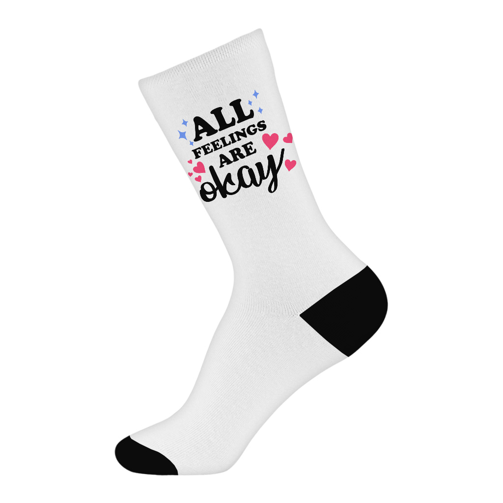 Cushioned foot bottom makes All Feelings Are Okay Unisex Socks a sure bet for everyday wear, from work, play, gym, sports, and beyond. These socks are designed to be all-season. This product is made breathable for when it’s warm but thick enough for when it’s cold during the winter.
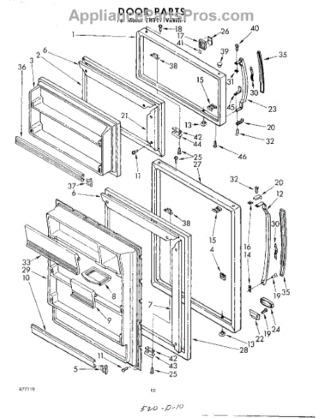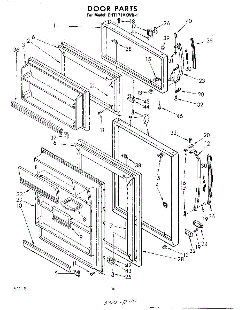Parts for Whirlpool EHT171VKWR1: 10 - Door Parts
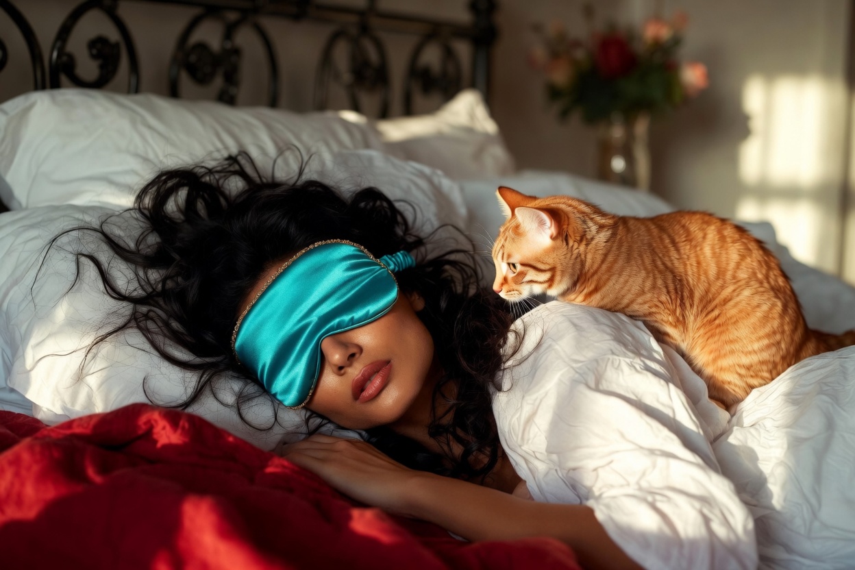 [Grok Project] Recreate the iconic interaction between Audrey Hepburn's character in Breakfast at Tiffany's (1961) and the orange cat in bed, but with a main character who looks more like me.

----

» Problem to solve: Copy the material above in full and exactly, skipping pictures.

» Task solution:
 Cushioned foot bottom makes All Feelings Are Okay Unisex Socks a sure bet for everyday wear, from work, play, gym, sports, and beyond. These socks are designed to be all-season. This product is made breathable for when it’s warm but thick enough for when it’s cold during the winter.
Parts for Whirlpool EHT171VKWR1: 10 - Door Parts
 [Grok Project] Recreate the iconic interaction between Audrey Hepburn's character in Breakfast at Tiffany's (1961) and the orange cat in bed, but with a main character who looks more like me.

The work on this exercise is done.